■ **TASK OBJECTIVE**
Retype the listing exactly. Leave out the images.

····················

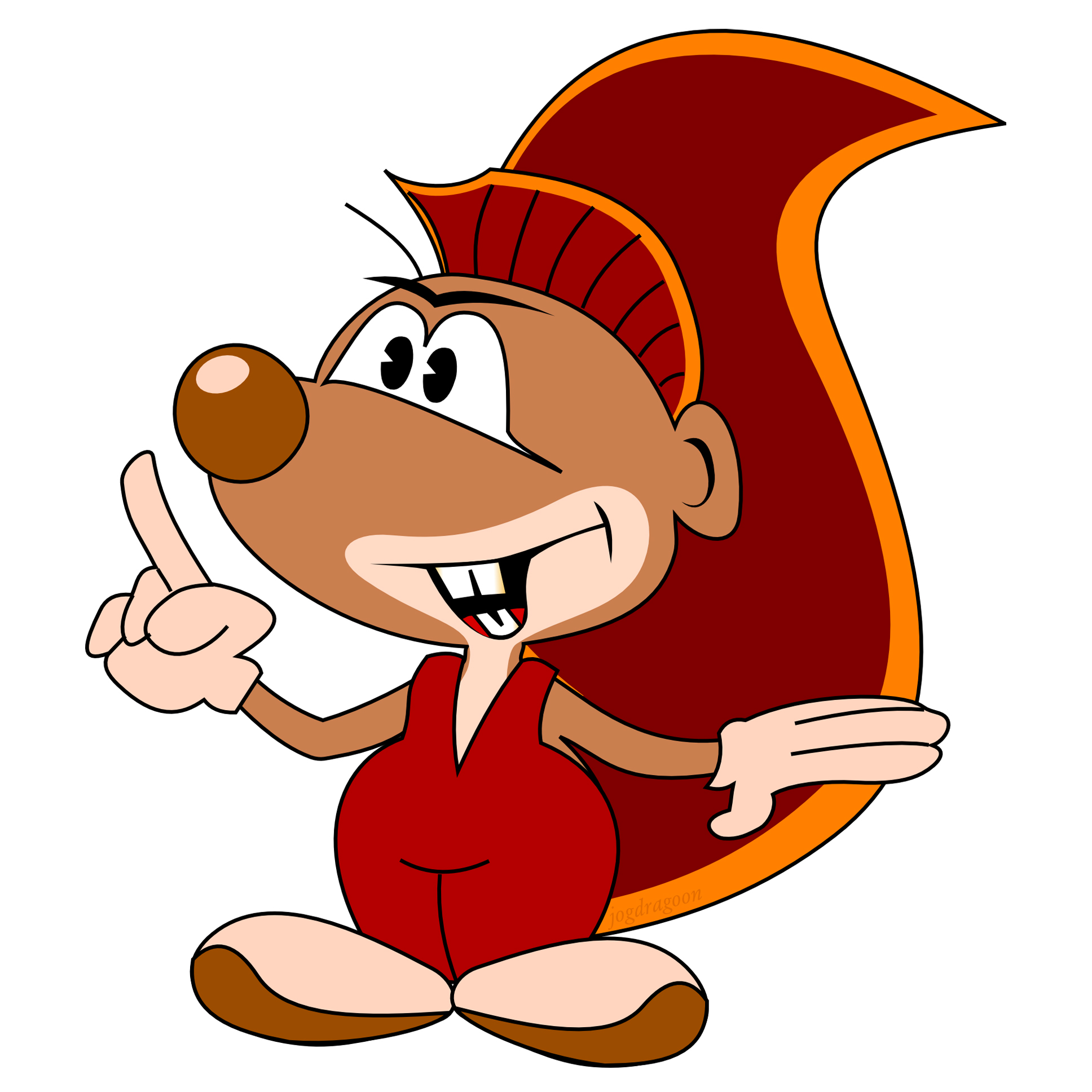 힘차게 걸어가고 있는 다람쥐캐릭터입니다. 한 손은 엄지를 치켜세웠으며 다른 한 손은 어떤 방향을 가리키고 있는 것 같아요. 그리고 옷은 멜빵이 고정이 되어있는 빨간 바지이며 노란색 반팔 목티를 입고 있습니다. 다람쥐가 언제부터 걸어나갈 때 두 발로만 뛰어갔을까요? 아무래도 캐릭터이기 때문에 이런 모습이 자연스럽게 느껴지는 것은 아닐까요?
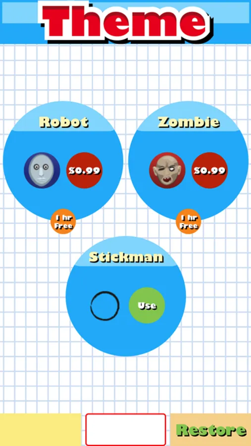 Reward Ads available. Watch a reward ad for 1 hour access to both Robot and Zombie themes.
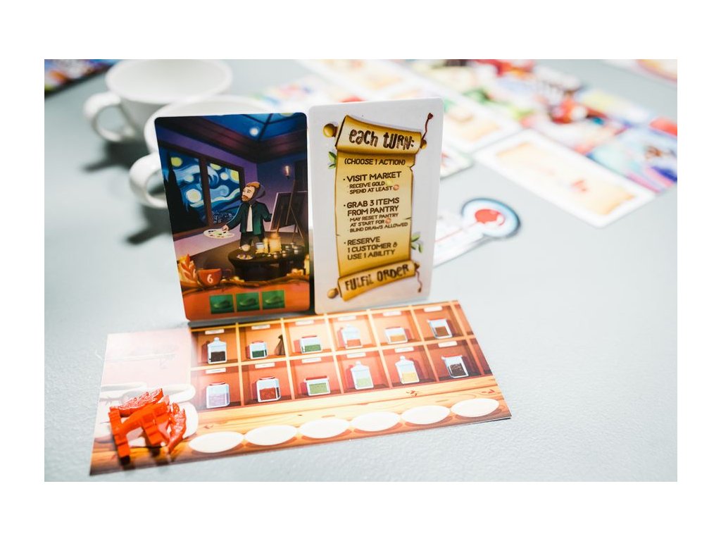 Zarezervujte zákazníka - Hráč si může také rezervovat zákaznickou kartu ze zákaznické skupiny. Hráč nemůže mít v krabičce s čajem více než 3 nevyplněné zákaznické karty. Pokud má hráč více než 3 karty, je karta zahozena a umístěna lícem nahoru do skupiny zákazníků s měděnou mincí z peněženky umístěné nahoře.
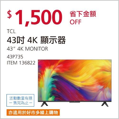 TCL 43吋 4K 顯示器 不適用視訊盒 #136822
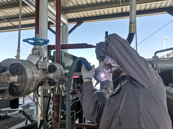 石投集团化学工程公司本着“急业主所急,想业主所想”的原则,作业人员相互协调配合,圆满完成一项又一项工作任务,相继高效完成了污水处理厂事故池抽水泵管道改造工程、兰州新区专精特新化工科技Beat365唯一官方网站液态太阳燃料合成甲醇装置两台隔膜压缩机进口缓冲罐更换及管线改造工程、电解水制氢车间防护栏制作安装等工程,为园区企业提供了优质高效的服务,为园区建设添砖加瓦,贡献自己的全部力量。
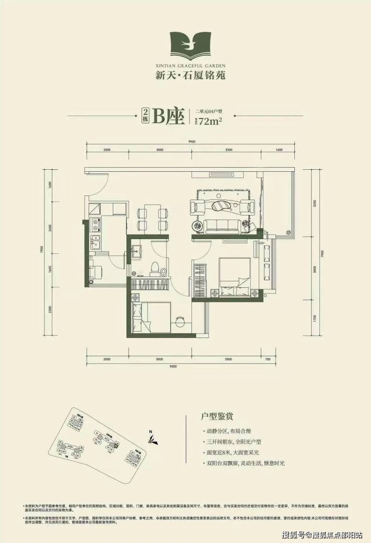 2房2厅1卫72㎡
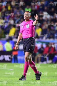 Pachuca, Hidalgo, 18 de enero de 2026. Luis Enrique Santander Aguirre, árbitro central, durante el partido correspondiente a la jornada 3 del torneo Clausura 2026 de la Liga BBVA MX, entre los Tuzos del Pachuca y las Águilas del América, realizado en el estadio Hidalgo. Foto: Imago7/ Alexis Chavez

····················

■ **RESULT OF THE EXERCISE**
 힘차게 걸어가고 있는 다람쥐캐릭터입니다. 한 손은 엄지를 치켜세웠으며 다른 한 손은 어떤 방향을 가리키고 있는 것 같아요. 그리고 옷은 멜빵이 고정이 되어있는 빨간 바지이며 노란색 반팔 목티를 입고 있습니다. 다람쥐가 언제부터 걸어나갈 때 두 발로만 뛰어갔을까요? 아무래도 캐릭터이기 때문에 이런 모습이 자연스럽게 느껴지는 것은 아닐까요?
 Reward Ads available. Watch a reward ad for 1 hour access to both Robot and Zombie themes.
 Zarezervujte zákazníka - Hráč si může také rezervovat zákaznickou kartu ze zákaznické skupiny. Hráč nemůže mít v krabičce s čajem více než 3 nevyplněné zákaznické karty. Pokud má hráč více než 3 karty, je karta zahozena a umístěna lícem nahoru do skupiny zákazníků s měděnou mincí z peněženky umístěné nahoře.
 TCL 43吋 4K 顯示器 不適用視訊盒 #136822
 石投集团化学工程公司本着“急业主所急,想业主所想”的原则,作业人员相互协调配合,圆满完成一项又一项工作任务,相继高效完成了污水处理厂事故池抽水泵管道改造工程、兰州新区专精特新化工科技Beat365唯一官方网站液态太阳燃料合成甲醇装置两台隔膜压缩机进口缓冲罐更换及管线改造工程、电解水制氢车间防护栏制作安装等工程,为园区企业提供了优质高效的服务,为园区建设添砖加瓦,贡献自己的全部力量。
 2房2厅1卫72㎡
 Pachuca, Hidalgo, 18 de enero de 2026. Luis Enrique Santander Aguirre, árbitro central, durante el partido correspondiente a la jornada 3 del torneo Clausura 2026 de la Liga BBVA MX, entre los Tuzos del Pachuca y las Águilas del América, realizado en el estadio Hidalgo. Foto: Imago7/ Alexis Chavez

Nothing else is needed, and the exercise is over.